Legazpi City seaport and urban sprawl
Take a stroll around the city and for sure Mayon gazes from a distance unless it is one of those days when she shies away from the maddening crowd. This sight should delight urbanites more accustomed to skyscrapers fracturing the skylines. One of the newest destinations in Legazpi is the Embarcadero, a lifestyle zone situated along Albay Gulf. From Embardero, a picturesque Mayon overlooks a boulevard and seaport. Embarcadero is a barely ten-minute jeepney ride from the city’s busy commercial center.

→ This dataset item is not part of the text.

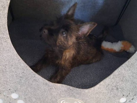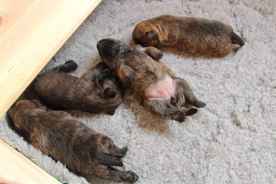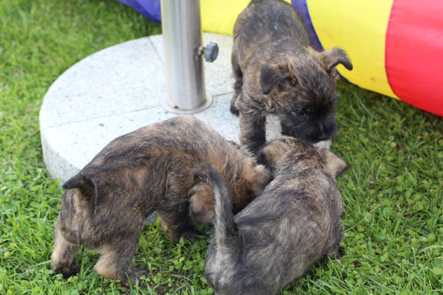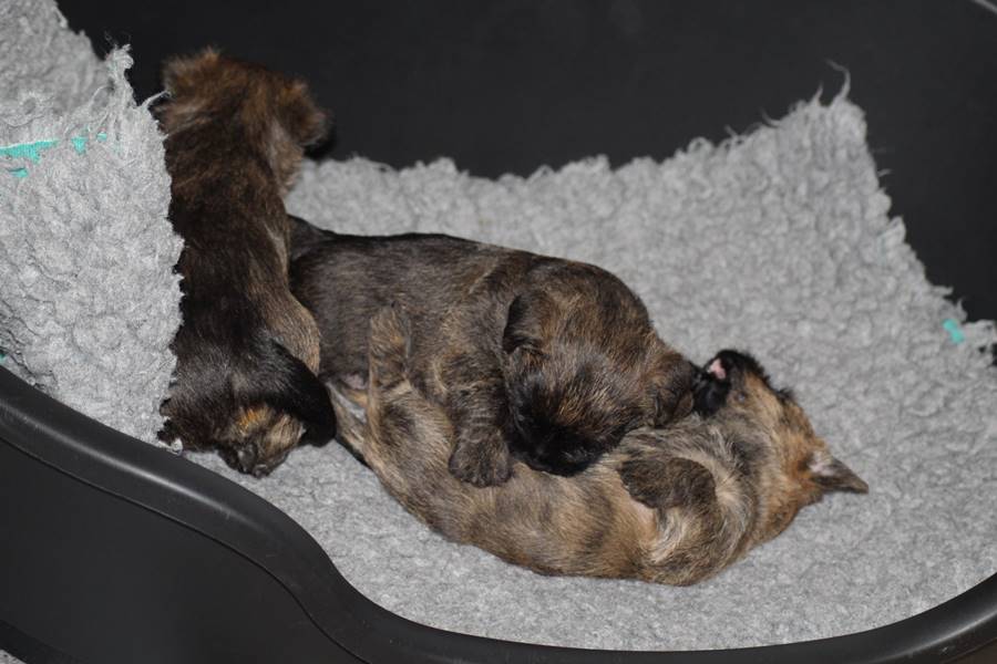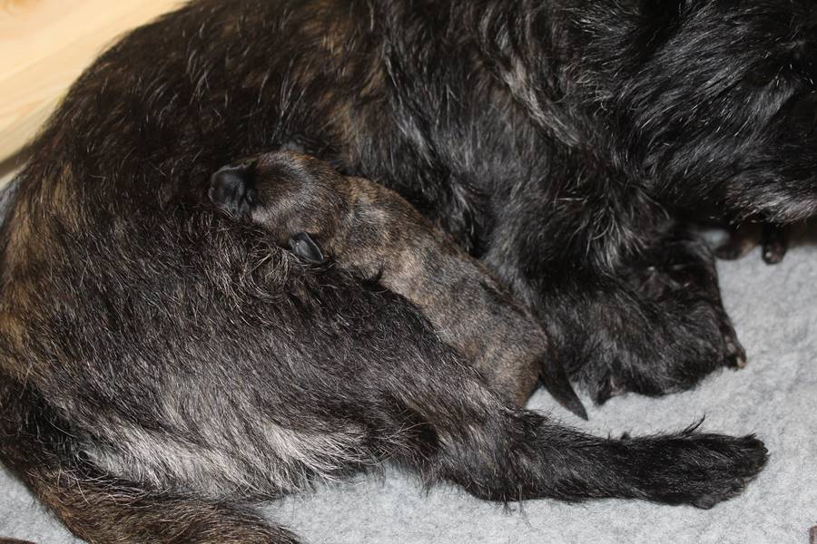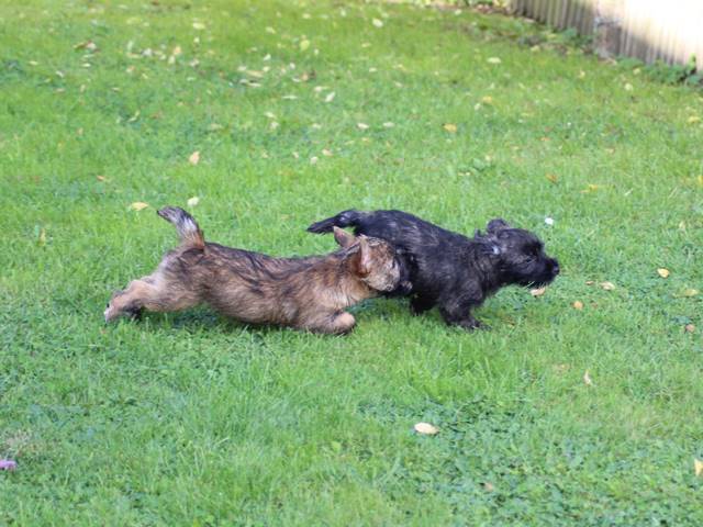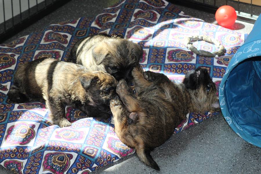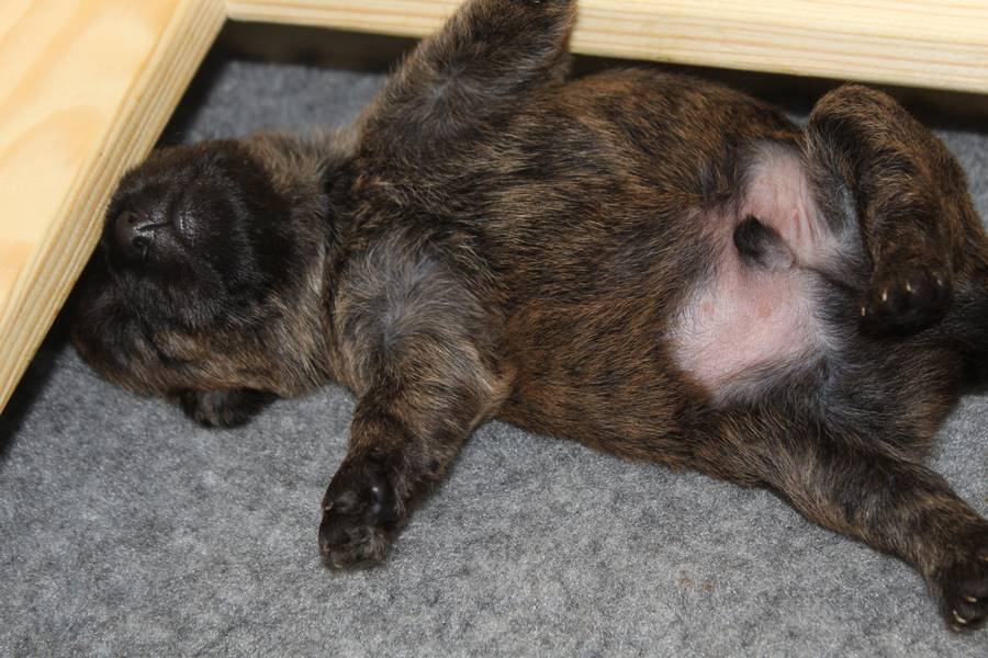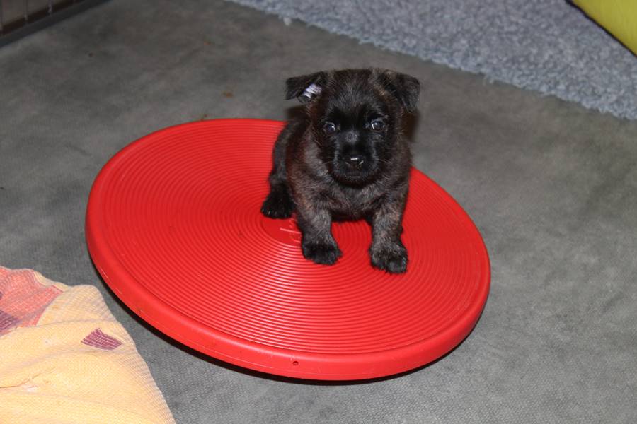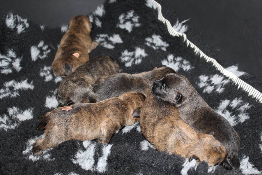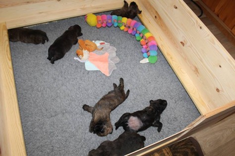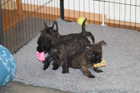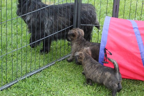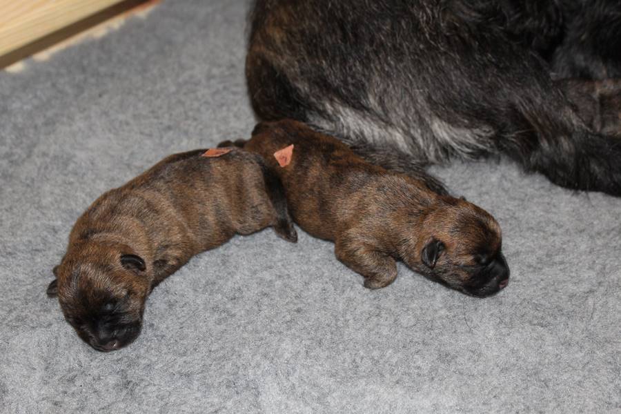 Da das Wetter momentan wieder so schlecht ist, dass die Kleinen nicht nach draußen können, toben sie drinnen umso wilder. Vergangene Woche ging die Reise mit dem Auto zum Tierarzt. Alle waren während der halbstündigen Fahrt recht brav. Beim Tierarzt zeigten sie, was ein echter Cairn-Terrier ist - Kein einziges Quieken. Die Zehn waren das Highlight der Tierarztpraxis. Alle wollten sie anschauen.

Formerly Cagsawa, Daraga’s history is very much intertwined with the brunt of Mayon. When Mayon’s 1814 eruption destroyed the Cagsawa church, the focal point of the town’s religious life shifted to Daraga’s two century-old Baroque parish church dedicated to Nuestra Senora de la Porteria or Our Lady of the Gate. Today, Daraga Church is recognized by the government as a National Cultural Treasure and restoration is ongoing. The calm and antiquity evoked by this church built on a hilltop are perhaps the causes why this is my most favorite spot for a vista of Mayon. In the course of my weekend in Legazpi, I visited Daraga Church thrice – on a drizzling Saturday afternoon, at dusk when the clouds had lifted, and the following morning for the Sunday service. From Legazpi city proper, Daraga Church is reached by jeepney in approximately 15 minutes.
Cagsawa Ruins Park
The iconic ruins of Cagsawa also in Daraga town need no introduction. Just two cautions for travelers in pursuit of a perfect image of Mayon. First, avoid visiting on Sunday as the park tends to get crowded. And second, it may be best to catch Mayon from the ruins during sunrise. Mayon is always best witnessed early in the morning otherwise you may have to linger and patiently wait for the hovering clouds to dissipate. From Legazpi proper, take a Loop 1 jeepney and get off at Binitayan. From this barangay, any jeepney heading to the towns of Camalig, Guinobatan or Polangui passes by Cagsawa. From the municipal road, the park is reached after taking a 500-meter flatland walk. These rides collectively take less than 30 minutes. Souvenir shops thrive at the park thus you may want to do your pasalubong shopping here.
View from the sky
Say your goodbye to Mayon by choosing a window seat in your aircraft bound for Manila. On board Cebu Pacific, these are F seats of the aircraft. If it is a clear day and you are lucky, you will be entreated to a full-scale view of Mayon within the first ten minutes after takeoff. Be sure that you have your camera or phone ready for that perfect shot!
Looking forward to my next Mayon 360 adventure!